◆ ABOUT THIS EXERCISE: Count each line below that has "Figure" anywhere in it. Answer with the total alone.

Stored items from a collection
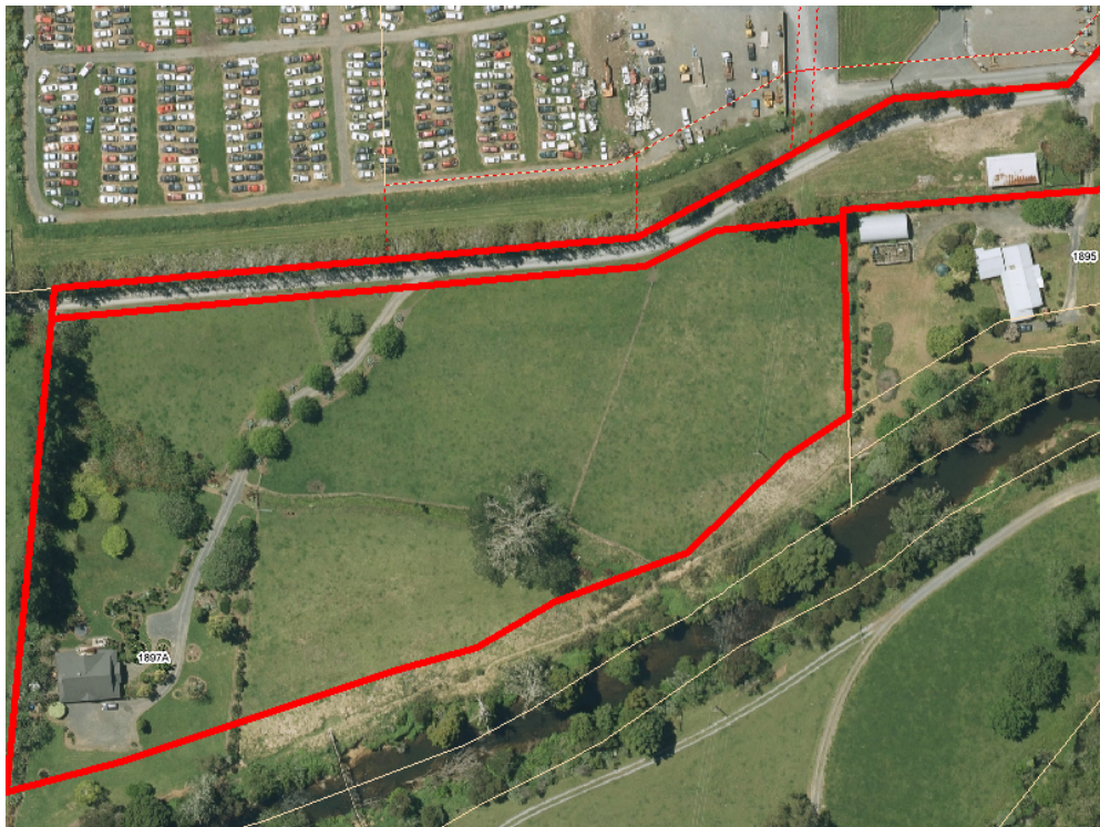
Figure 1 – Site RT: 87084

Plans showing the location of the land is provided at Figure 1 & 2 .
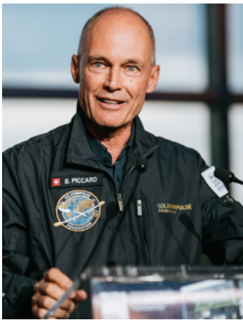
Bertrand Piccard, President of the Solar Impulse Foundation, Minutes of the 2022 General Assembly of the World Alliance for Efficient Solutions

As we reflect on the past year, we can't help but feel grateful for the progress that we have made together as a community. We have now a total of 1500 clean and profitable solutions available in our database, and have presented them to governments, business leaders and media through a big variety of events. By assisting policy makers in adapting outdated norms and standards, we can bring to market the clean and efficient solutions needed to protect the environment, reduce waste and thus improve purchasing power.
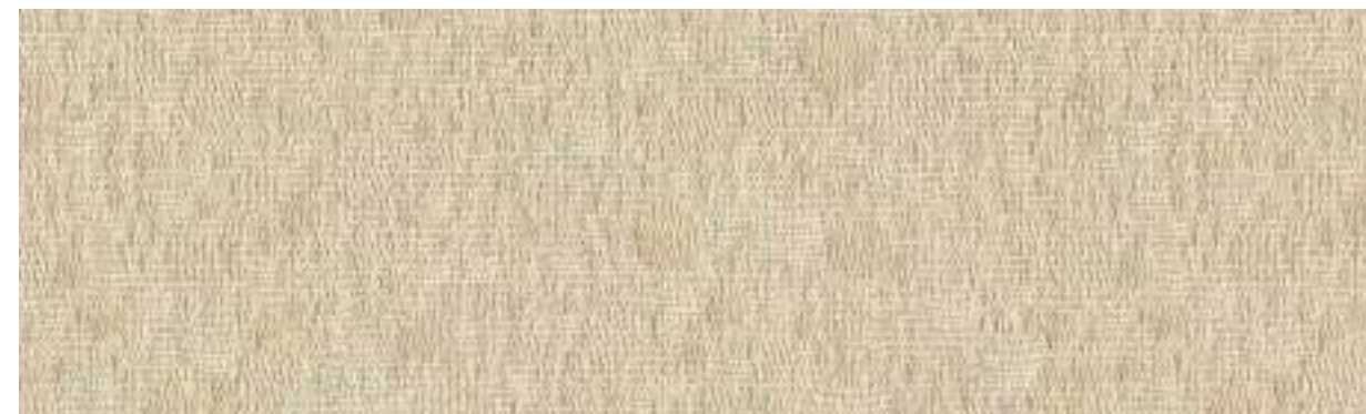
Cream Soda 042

---

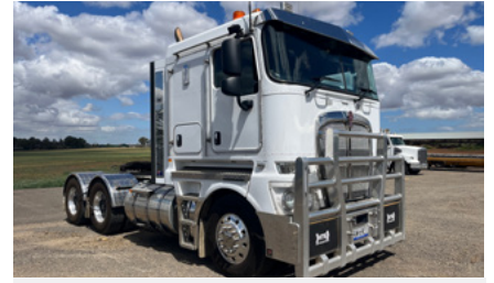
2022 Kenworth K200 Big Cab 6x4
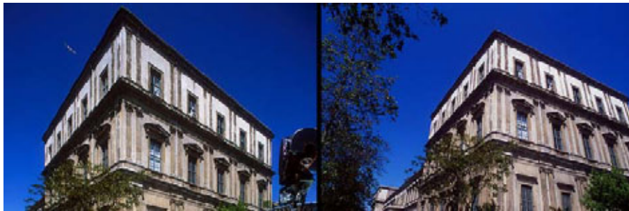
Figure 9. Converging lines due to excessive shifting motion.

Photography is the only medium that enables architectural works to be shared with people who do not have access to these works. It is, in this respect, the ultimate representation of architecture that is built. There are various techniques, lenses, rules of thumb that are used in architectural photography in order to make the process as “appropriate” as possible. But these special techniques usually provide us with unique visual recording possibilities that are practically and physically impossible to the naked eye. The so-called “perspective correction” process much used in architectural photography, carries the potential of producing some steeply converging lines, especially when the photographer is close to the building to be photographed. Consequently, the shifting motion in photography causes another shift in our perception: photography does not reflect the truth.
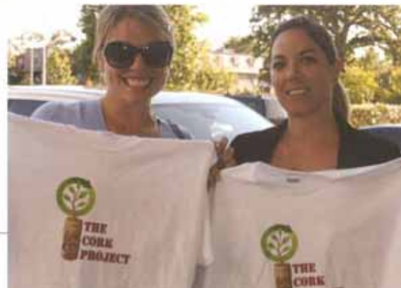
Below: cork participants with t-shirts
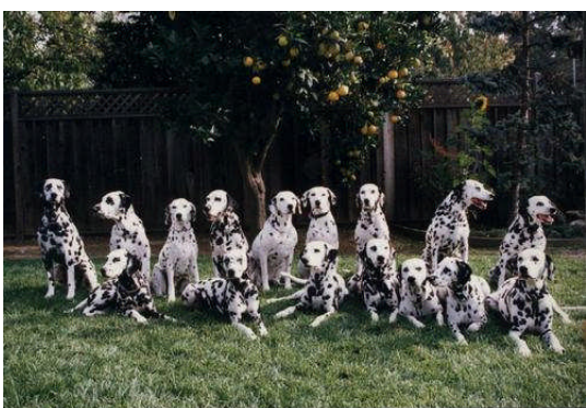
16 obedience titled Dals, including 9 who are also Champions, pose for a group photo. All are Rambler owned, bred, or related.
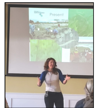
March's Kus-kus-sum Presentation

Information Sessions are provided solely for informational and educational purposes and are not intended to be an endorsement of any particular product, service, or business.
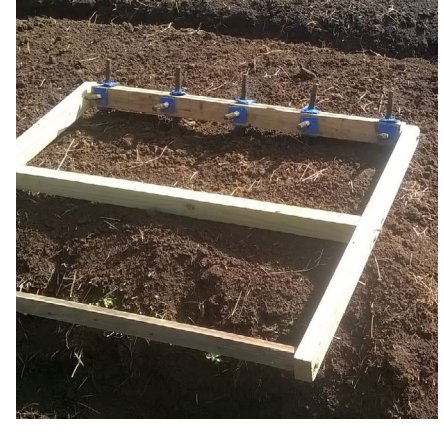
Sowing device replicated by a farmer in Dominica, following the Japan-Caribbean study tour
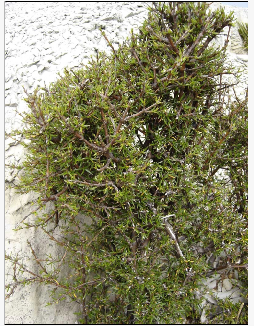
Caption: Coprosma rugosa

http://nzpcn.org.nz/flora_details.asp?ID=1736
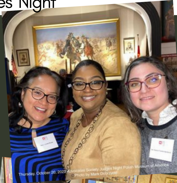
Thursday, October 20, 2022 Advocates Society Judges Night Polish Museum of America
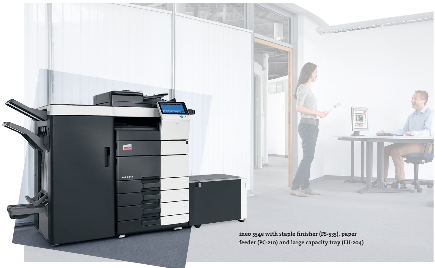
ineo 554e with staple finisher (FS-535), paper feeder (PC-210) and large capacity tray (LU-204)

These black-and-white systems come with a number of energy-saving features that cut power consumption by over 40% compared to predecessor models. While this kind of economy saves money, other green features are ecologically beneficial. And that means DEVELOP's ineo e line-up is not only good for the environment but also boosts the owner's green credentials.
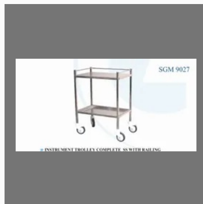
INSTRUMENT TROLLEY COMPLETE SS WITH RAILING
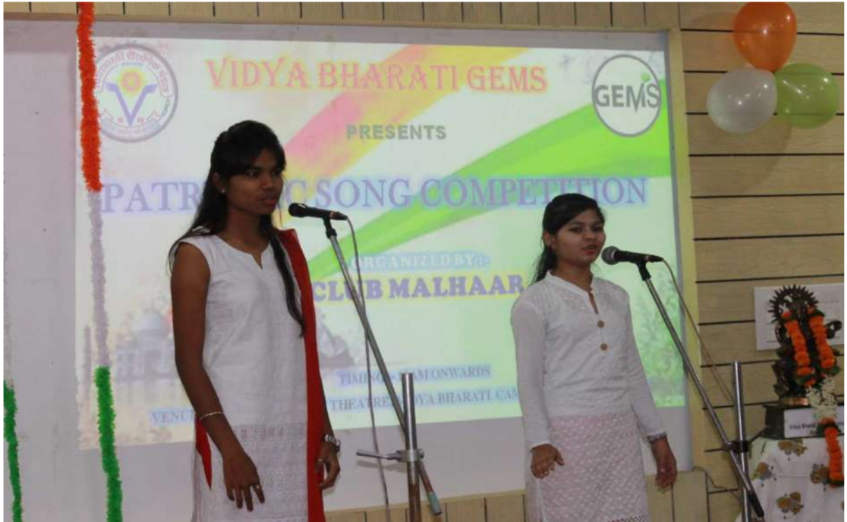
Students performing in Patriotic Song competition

◆ RESPONSE TO THE TASK: 3